◆ REQUIRED WORK
Without copying any picture, transcribe exactly the lines of the data below from the one containing "Het heeft een" through the one containing "- SUPERIOR GRIPPING".

-------- MATERIALS PROVIDED

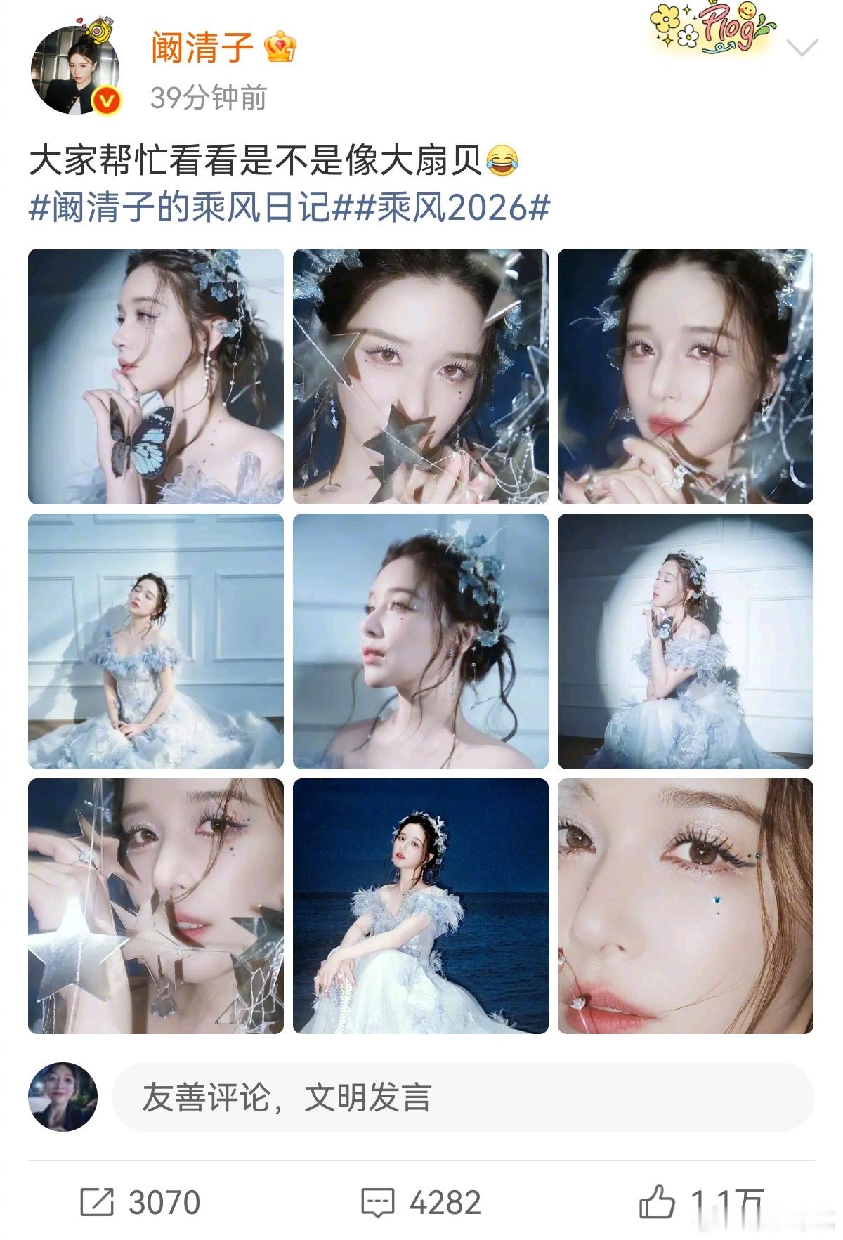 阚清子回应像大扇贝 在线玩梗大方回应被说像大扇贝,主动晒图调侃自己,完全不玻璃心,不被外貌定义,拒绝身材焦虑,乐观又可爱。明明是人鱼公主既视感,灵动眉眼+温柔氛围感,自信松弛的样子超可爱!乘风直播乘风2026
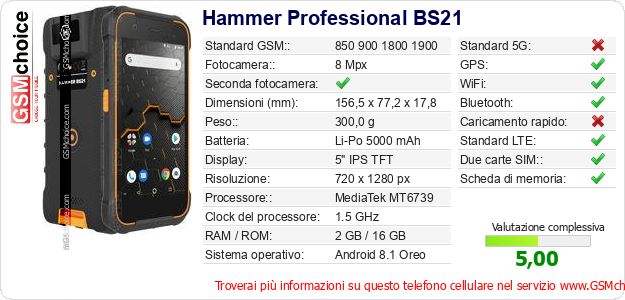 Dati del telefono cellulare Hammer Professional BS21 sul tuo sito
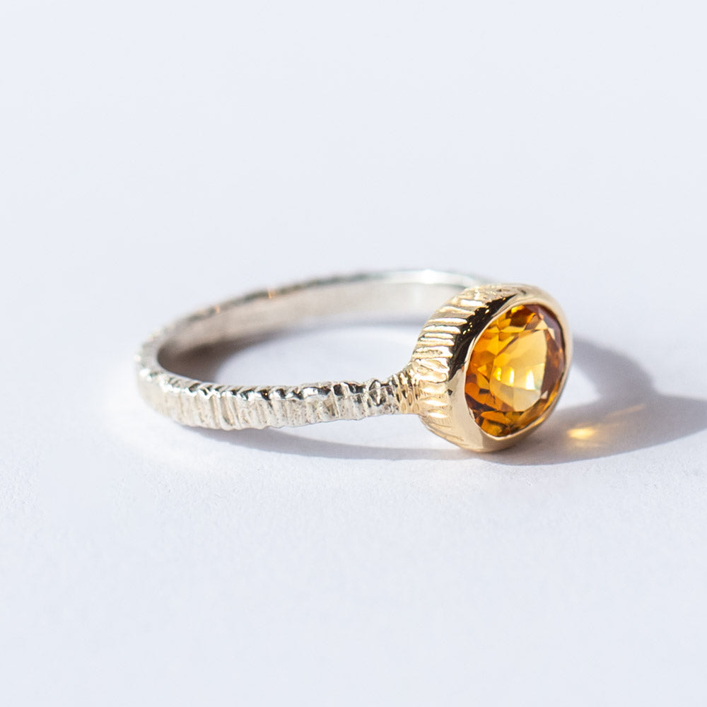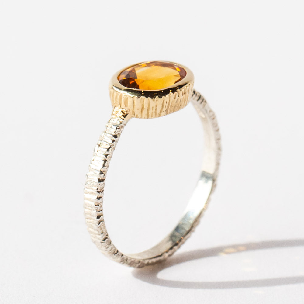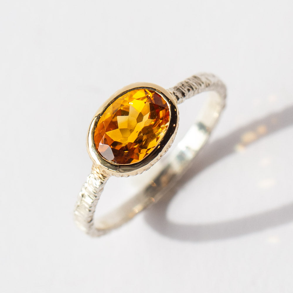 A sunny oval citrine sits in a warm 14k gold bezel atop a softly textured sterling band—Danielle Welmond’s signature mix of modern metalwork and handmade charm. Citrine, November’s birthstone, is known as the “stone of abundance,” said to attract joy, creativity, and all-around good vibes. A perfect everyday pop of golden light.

----------------
-------- MATERIALS PROVIDED

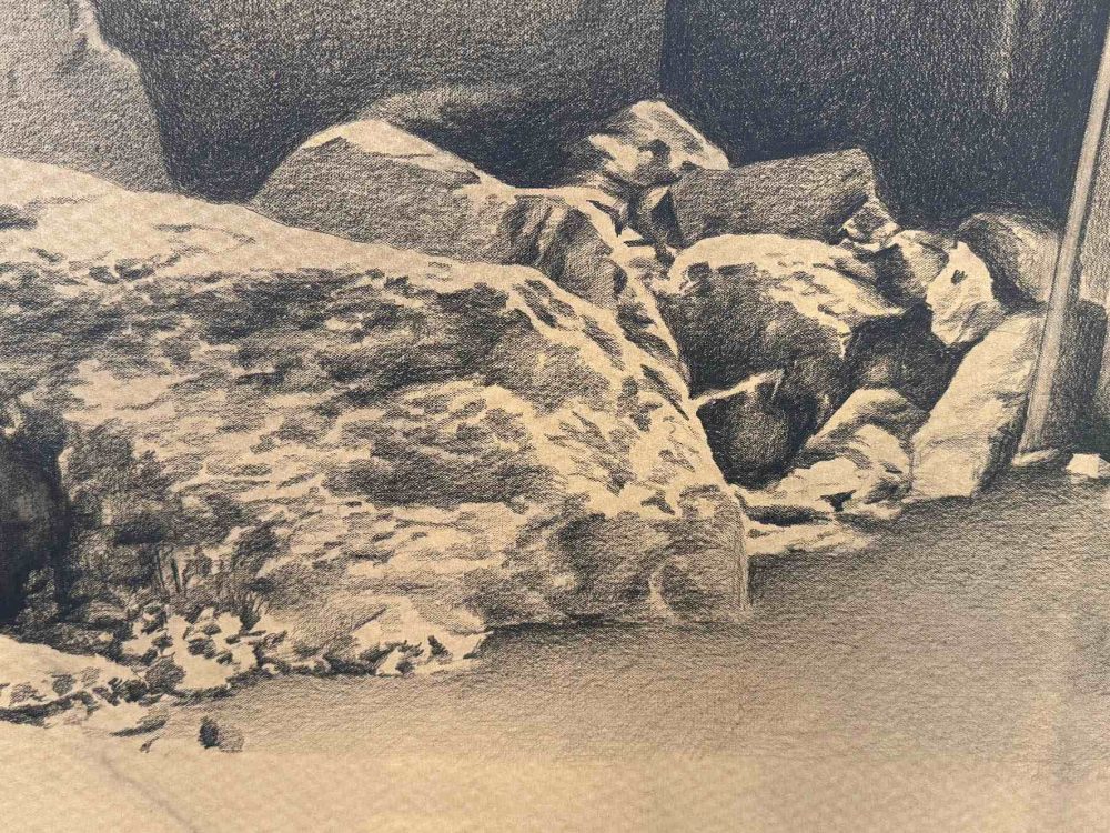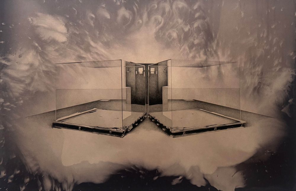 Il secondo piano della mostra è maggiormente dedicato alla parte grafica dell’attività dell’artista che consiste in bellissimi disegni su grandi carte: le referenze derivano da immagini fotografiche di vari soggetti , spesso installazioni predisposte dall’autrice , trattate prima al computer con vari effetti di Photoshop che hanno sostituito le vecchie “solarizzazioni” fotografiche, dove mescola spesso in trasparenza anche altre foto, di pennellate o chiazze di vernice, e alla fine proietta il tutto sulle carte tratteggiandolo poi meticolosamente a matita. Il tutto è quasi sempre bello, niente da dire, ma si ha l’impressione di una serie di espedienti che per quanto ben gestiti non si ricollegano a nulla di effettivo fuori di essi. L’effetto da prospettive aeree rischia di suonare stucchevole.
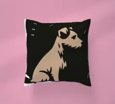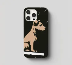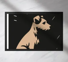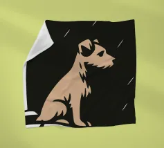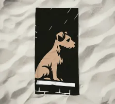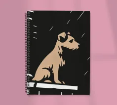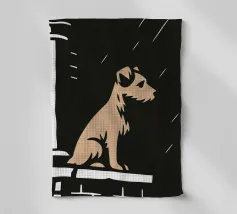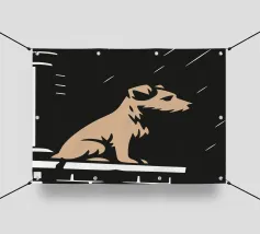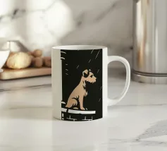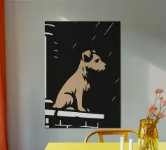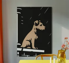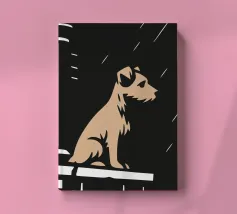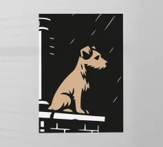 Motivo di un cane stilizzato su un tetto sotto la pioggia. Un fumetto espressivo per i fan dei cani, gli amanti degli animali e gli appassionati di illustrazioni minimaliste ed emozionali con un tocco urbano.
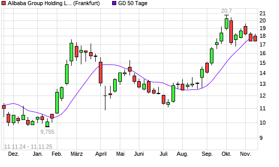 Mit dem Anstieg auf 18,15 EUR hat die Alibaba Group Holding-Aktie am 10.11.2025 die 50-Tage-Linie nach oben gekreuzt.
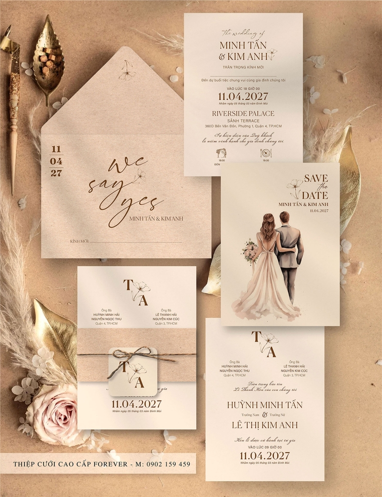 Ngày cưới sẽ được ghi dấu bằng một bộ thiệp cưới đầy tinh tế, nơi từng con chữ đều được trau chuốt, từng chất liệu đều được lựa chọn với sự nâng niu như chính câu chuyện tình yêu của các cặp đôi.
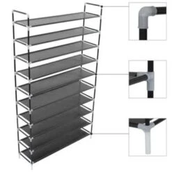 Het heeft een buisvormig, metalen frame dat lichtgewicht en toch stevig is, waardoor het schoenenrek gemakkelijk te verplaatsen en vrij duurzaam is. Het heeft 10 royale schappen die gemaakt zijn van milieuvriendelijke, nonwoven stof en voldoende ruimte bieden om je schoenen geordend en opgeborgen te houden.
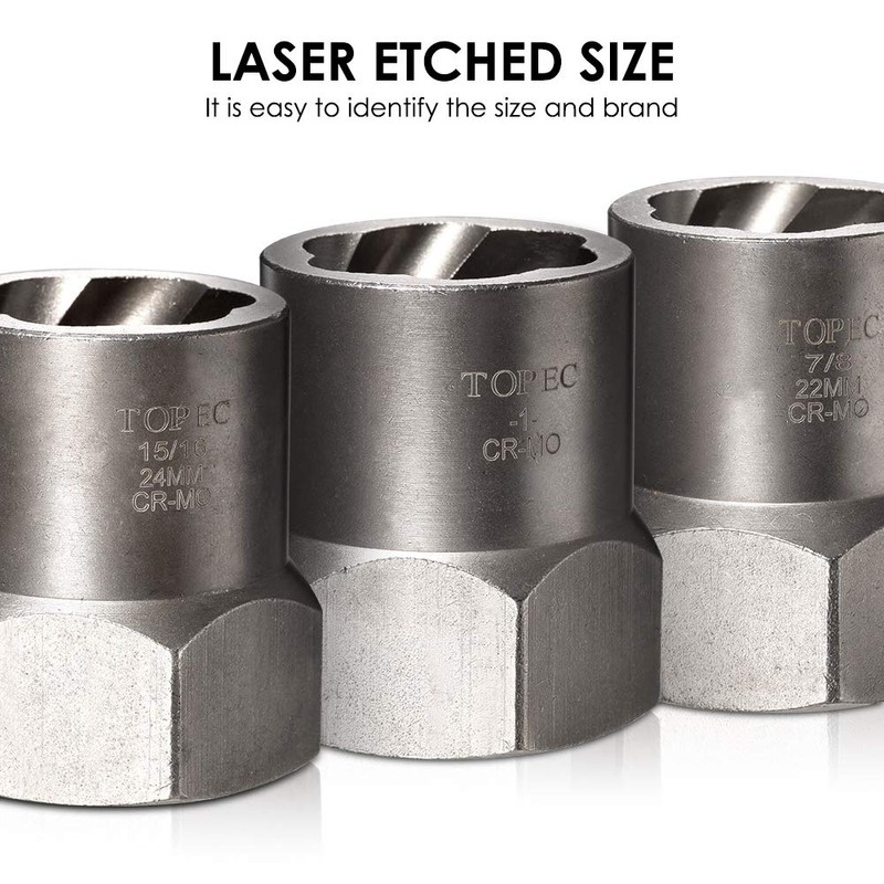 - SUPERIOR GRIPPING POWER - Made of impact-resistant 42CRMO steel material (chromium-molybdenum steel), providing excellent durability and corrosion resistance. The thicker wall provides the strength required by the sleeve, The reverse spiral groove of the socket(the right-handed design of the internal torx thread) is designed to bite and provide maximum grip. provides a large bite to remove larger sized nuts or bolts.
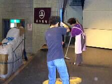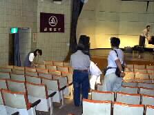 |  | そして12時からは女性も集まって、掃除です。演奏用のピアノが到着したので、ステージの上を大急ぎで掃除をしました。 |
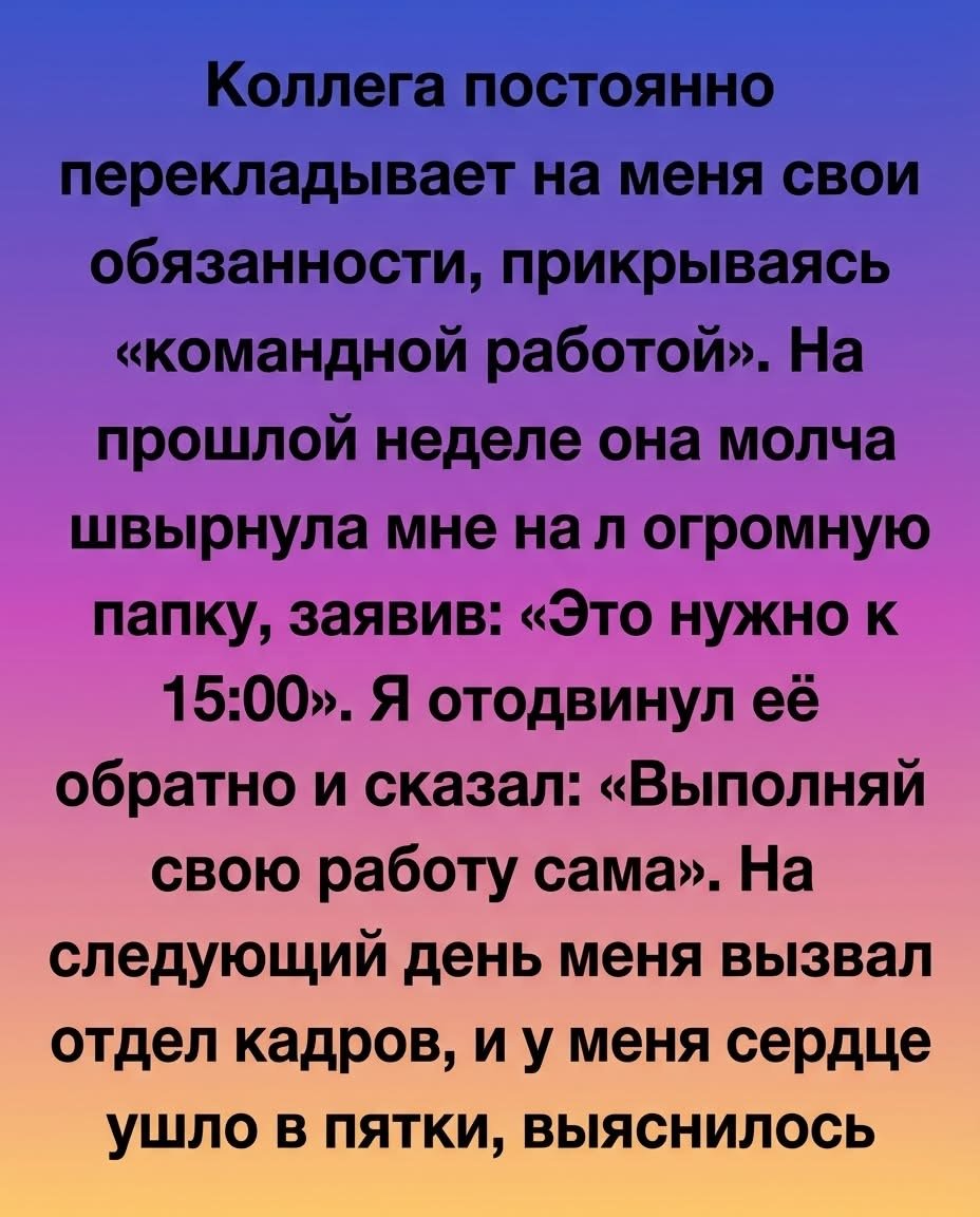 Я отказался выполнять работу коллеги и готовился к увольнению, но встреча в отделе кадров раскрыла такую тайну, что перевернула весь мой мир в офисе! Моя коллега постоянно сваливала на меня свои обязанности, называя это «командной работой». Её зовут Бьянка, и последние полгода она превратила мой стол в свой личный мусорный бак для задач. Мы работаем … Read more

----------------

◆ SOLUTION TO THE EXERCISE
 Het heeft een buisvormig, metalen frame dat lichtgewicht en toch stevig is, waardoor het schoenenrek gemakkelijk te verplaatsen en vrij duurzaam is. Het heeft 10 royale schappen die gemaakt zijn van milieuvriendelijke, nonwoven stof en voldoende ruimte bieden om je schoenen geordend en opgeborgen te houden.
 - SUPERIOR GRIPPING POWER - Made of impact-resistant 42CRMO steel material (chromium-molybdenum steel), providing excellent durability and corrosion resistance. The thicker wall provides the strength required by the sleeve, The reverse spiral groove of the socket(the right-handed design of the internal torx thread) is designed to bite and provide maximum grip. provides a large bite to remove larger sized nuts or bolts.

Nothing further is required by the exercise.